##### Provided records

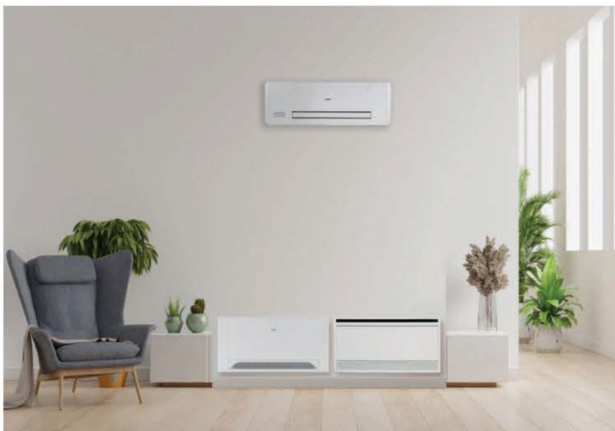
Στην εικόνα: Σειρά fan coil Baxi Wall και Baxi Floor για οικιακές εφαρμογές

Προσαρμόζεται πλήρως στις απαιτούμενες συνθήκες και μπορεί να συνεργαστεί με κάθε σύστημα θέρμανσης ή θέρμανσης / ψύξης ενώ με την προσθήκη boiler μπορεί να παράγει και Ζεστά Νερά Χρήσης.
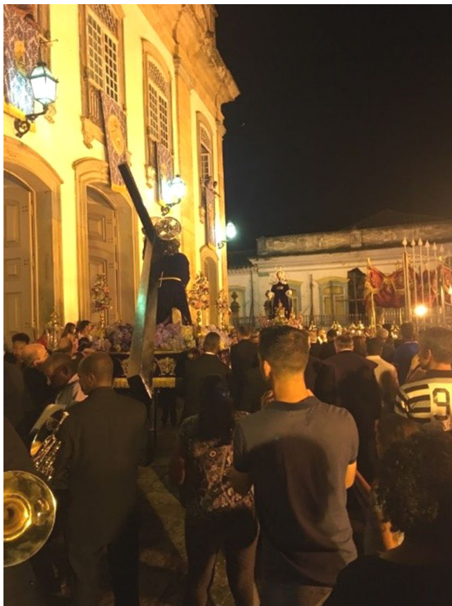
Figura 7 - Imagem do Senhor dos Passos em procissão, São João del-Rei/MG. Fonte: Acervo da autora, 2018.
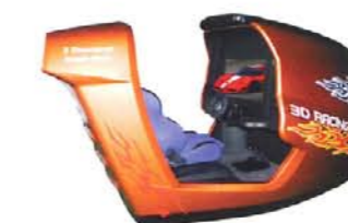
Xtation 4D Ride
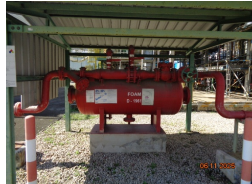
รูปที่ 3.2-32 ระบบโฟมดับเพลิง
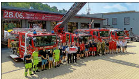
Spende über 500 Euro an Paulinchen e. V.

Ein besonderes Zeichen der Wertschätzung und des sozialen Engagements setzte die Feuerwehr gemeinsam mit ihren Ausstellern. Anstelle der sonst üblichen Gastgeschenke für die teilnehmenden Aussteller wurde der Geldbetrag gesammelt und an Paulinchen e. V., die Initiative für brandverletzte Kinder, gespendet. Im Rahmen der Veranstaltung konnte ein Spendencheck an den Verein überreicht werden. Damit unterstrichen alle Beteiligten ihre Wertschätzung des guten Zwecks, der in besonderer Weise mit den Aufgaben der Feuerwehr verbunden ist.
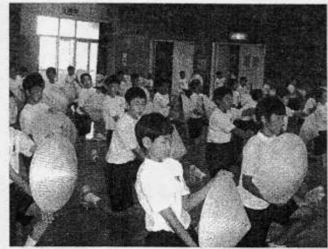
↑男子の笠踊りも随分上手になりました。
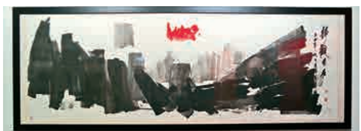
▲呂壽琨作品《靜觀自在》

該展覽於港島筲箕灣東喜道175號香港海防博物館堡壘大堂展至下周三。查詢詳情可電二五六一五〇〇，或瀏覽博物館網址：hk.coastaldefence.museum。
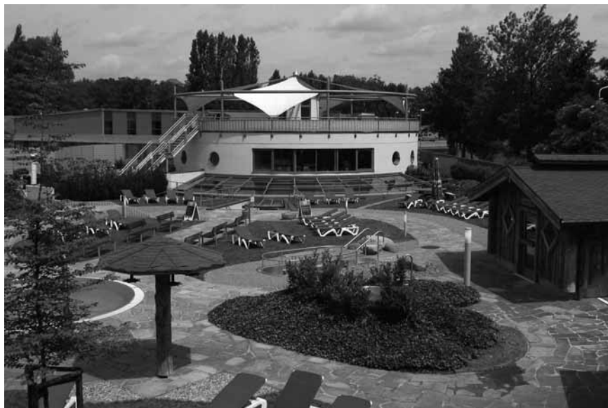
aquaplex – Saunagarten mit Sonnenterrasse
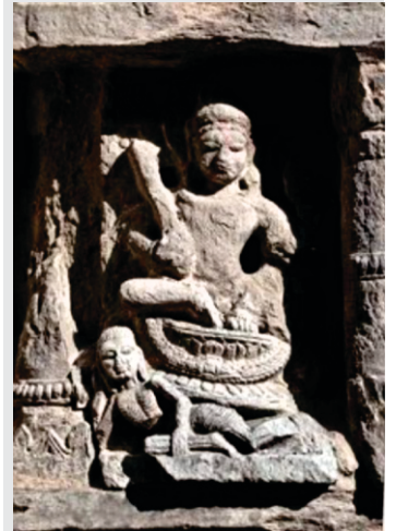
चरपट नाथ ही चम्बे दा देवता है। मुरती ध्यान नाल वेखो किवे जोगी दे पैरां थल्ले सुन्दरी दी मूरती है। दर असल मुगल हमलावरां दे आउन तों पहलां काम वाशना मन्दर दे गरभ ग्रेह तक पहुंच चुक्की सी।शायद इहो कारन होवे जेहड़ा गुरू साहब ने काम बाबत गुरसिख नूं बहुत सुचेत कीता है।

चम्बे तों गुरू साहब ने हेठां मैदान वल नूं चले अते 115 कि.मी. दा सफर करके प्रसिद्ध सिद्ध जोगी चरपट नाथ दे टिकाने चरपट वनी पहुंचे। चरपट वनी अज्ज दे पिंड कटारू चक्क विच्च पैदी है। इह झाखोलाडी तों 3 कि.मी पूरब, पठानकोट तों 12 कि.मी थल्ले, दीना नगर तों 15 कि.मी उत्तर-पूरब, नहर दे कंढे ते बगीची है।(नकशा सूचक :32.204429,75.572928) अज्ज इथे छोटा जेहा जंगल (बगीची) शिव मन्दर, धूनी ते तिन्न पानी दे चशमे हन। शरधालुआ दा कहना है कि चशमे सिद्ध जोगी चरपट नाथ ने चालू कीते सन। बगीची विच्च सप्प वी पाए जांदे हन।
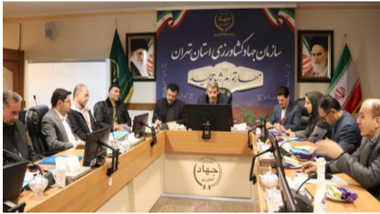
برپایی جلسه اصلاح الگوی کشت تولید علوفه و ارتقا بهره وری آب و خاک جهت تشریح برنامه های الگوی کشت محصولات علوفه ای با حضور مدیر کل دفتر امور غلات و محصولات اساسی
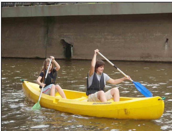
(vodácko-horolezecko-turistický kurs tercií)
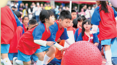
歡樂滾大球Go! Go! Go!
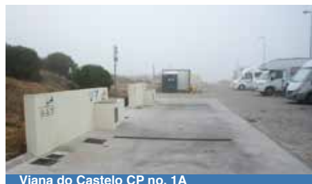
Viana do Castelo CP no. 1A
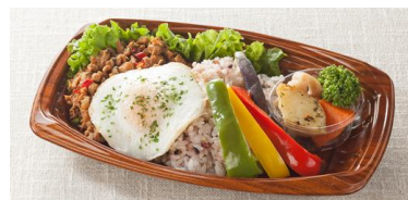
【新商品「ベジプレート」 イメージ】
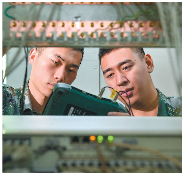
通信中队战士在调试设备。
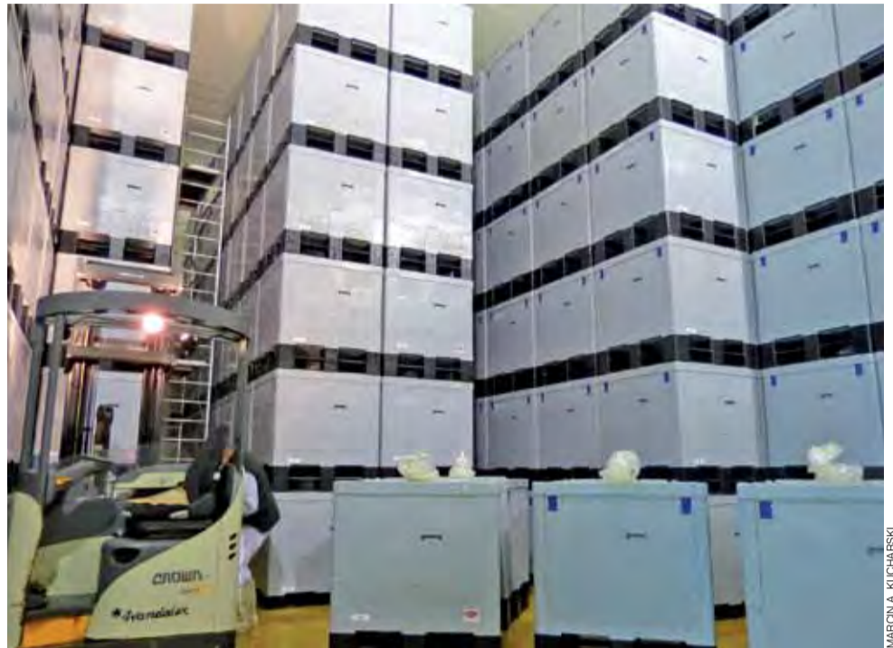
Skrzyniopalety do kwaszenia ogórków są składowane piętrowo.

Skąd są plantatorzy dostarczający ogórki do firmy na Katarzynowie? Rolnicy z powiatu łowickiego wcale w tej grupie nie dominują. – Można powie-
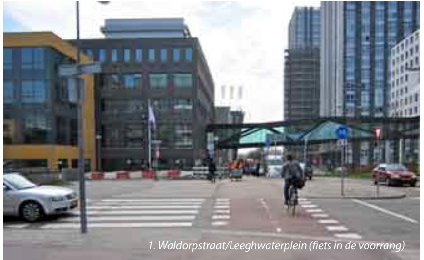
1. Waldorpstraat/Leeghwaterplein (fiets in de voorrang)

Een zelfde situatie als op foto 2, maar hier heeft de fietser wel voorrang. Echt
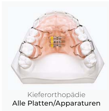
Kieferorthopädie Alle Platten/Apparaturen

##########

Your objective: Each line above that has "Paulinchen" adds one to the count; say the final count with no other text.

Written solution: 2